In the very rare cases where it's worth doing anything to optimize CPU usage be careful that you aren't negatively impacting memory usage: I've seen 'optimizations' where developers have tried to use memory to cache results to save CPU cycles. The net effect was to reduce the available memory to cache pages and database results which made the application run far slower! (See rule about measuring.)

I've also seen cases where a 'dumb' un-optimized algorithm has beaten a 'clever' optimized algorithm. Never underestimate how good compiler-writers and chip-designers have become at turning 'inefficient' looping code into super efficient code that can run entirely in on-chip memory with pipelining. Your 'clever' tree-based algorithm with an unwrapped inner loop counting backwards that you thought was 'efficient' can be beaten simply because it failed to stay in on-chip memory during execution. (See rule about measuring.)

Hightechrider
Similarly, don't get obsessed with big-O analysis. The O(nm) naive string search algorithm is, for common business cases, thousands of times faster than the O(n+m) algorithms that preprocess the search strings looking for patterns. Naive string search matching the first character often compiles down to a single machine instruction which is blazingly fast on modern processors that make heavy use of optimistic memory caches.
Eric Lippert
+1  A: 

OK, gotta throw in my favorite: If the task is long enough for human interaction, use a manual Break in the debugger.
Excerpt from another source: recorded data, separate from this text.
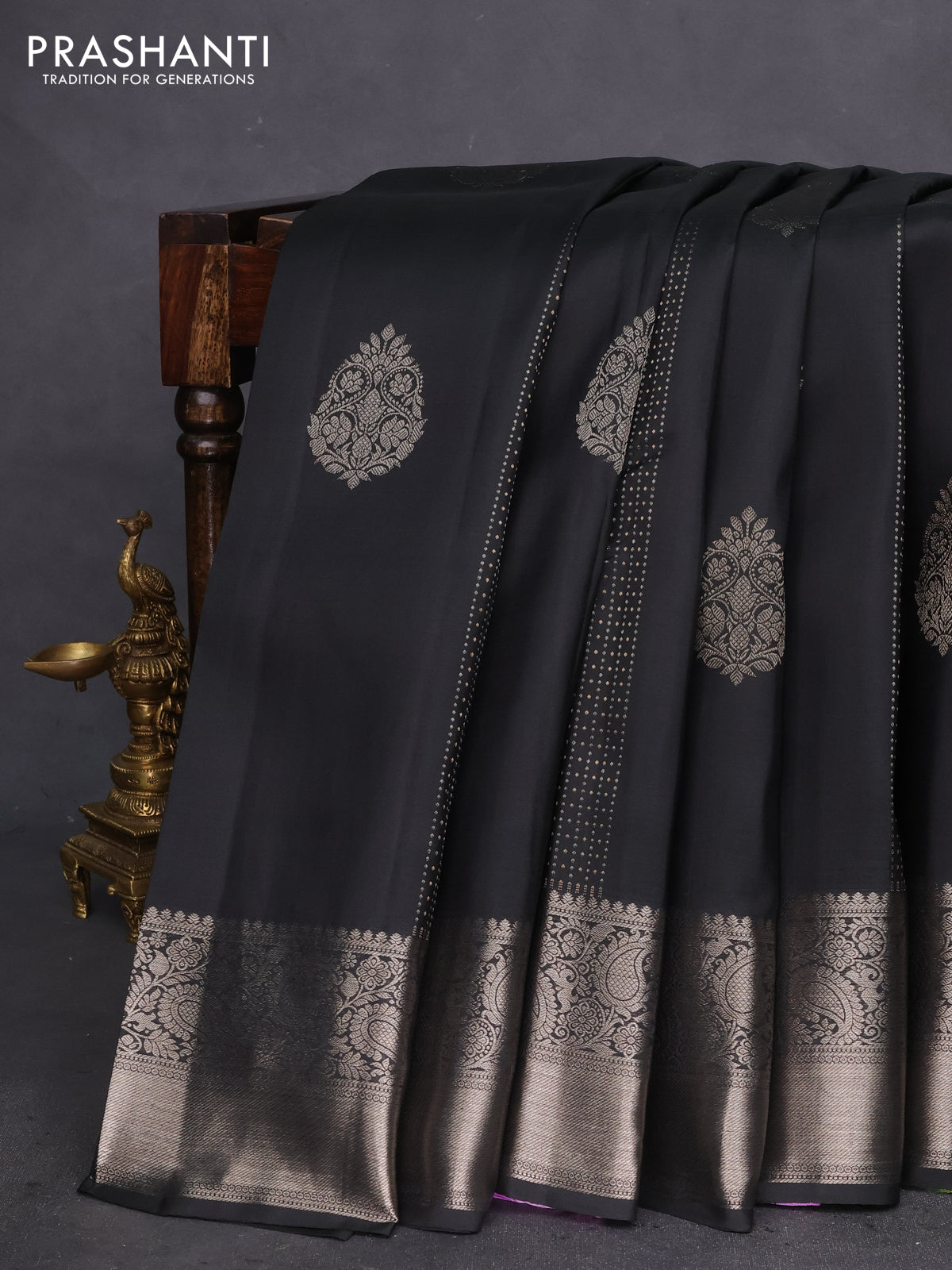 Pure kanchipuram silk saree black and lavender with allover zari weaves & buttas and zari woven border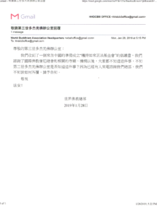 今天2015年7月6日《世界日報》已主動真誠地在 B5版登出標題為“有關第三世多杰羌佛報導道歉聲明” 一文,該聲明文是《世界日報》自己主動發自內心誠摯的態度,其聲明內容是真實不虛的,鑒於我們是佛教徒的機構,所領導的是學習南無第三世多杰羌佛、南無釋迦牟尼佛和十方諸佛大悲為本、利益眾生為行持準則指南的行人,因此,從即日起,一切機構應該放下對《世界日報》所產生的誤會和對立的情緒及言行,不但如此,還應該感謝《世界日報》真誠對佛陀的道歉,和為民眾、為社區正義服務的工作所做出的貢獻。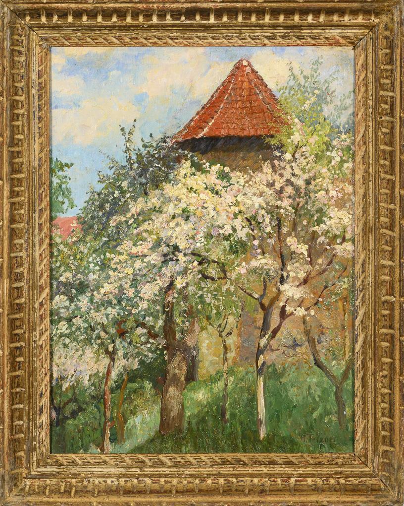 Blütenreiche junge Bäume vor dem Turm im Sonnenschein.
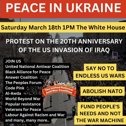 Non a caso l’impegno di questo risorto movimento pacifista americano non si è esaurito con lo scorso week end, ma anzi sta registrando un crescendo di iniziative, sia in presenza che on line, in vista della prossima e ancor più importante convocazione del 18 marzo, per commemorare appunto il ventennale dell’invasione in Iraq, con una manifestazione che si preannuncia più partecipata che mai a Washington DC.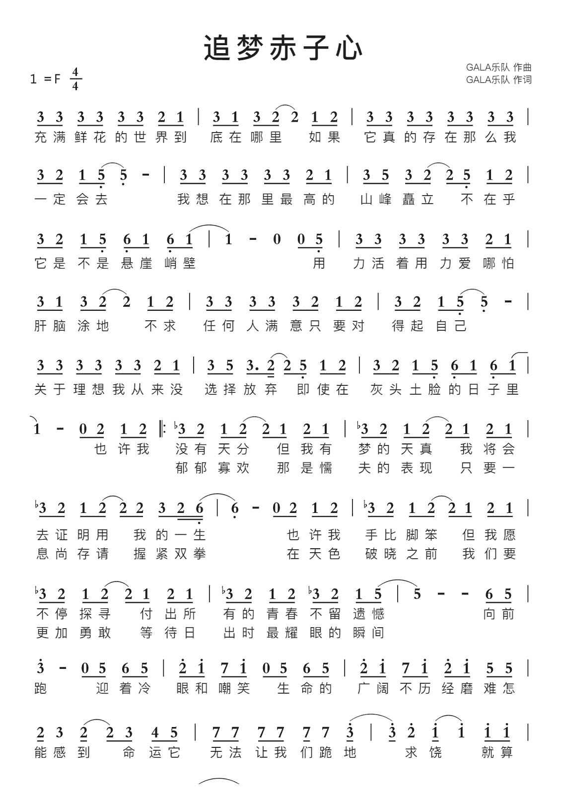 追梦赤子心gala简谱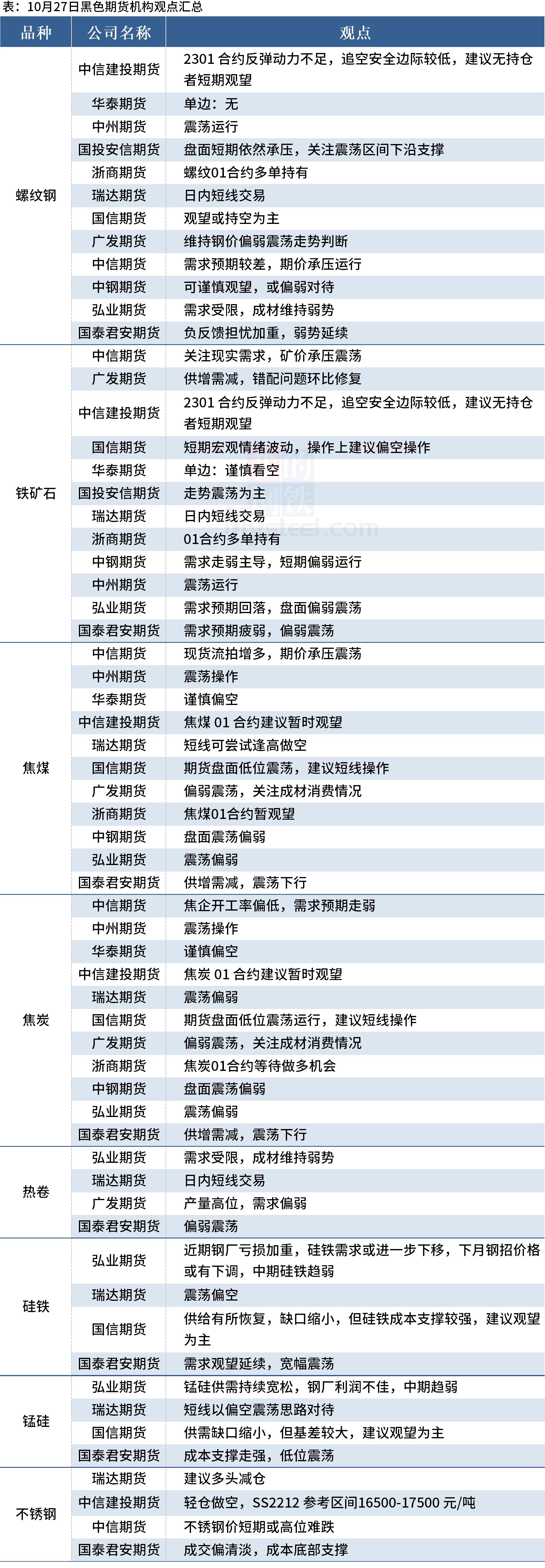 据Mysteel统计10月27日12家期货机构操作策略,其中多数机构料螺纹钢震荡偏弱,料铁矿石震荡运行,焦煤、焦炭震荡偏弱。具体汇总内容如下:

Vs. a profiler, this gives you a call stack and variable values you can use to really understand what's going on.

Do this 10-20 times and you get a good idea of what optimization might really make a difference.

Conrad Albrecht
Mike Dunlavey
... check this: http://stackoverflow.com/questions/406760/whats-your-most-controversial-programming-opinion/1562802#1562802
Mike Dunlavey
+1  A: 

I don't really try to optimize my code but at times I will go through and use something like reflector to put my programs back to source. It is interesting to then compare what I wrong with what the reflector will output. Sometimes I find that what I did in a more complicated form was simplified. May not optimize things but helps me to see simpler solutions to problems.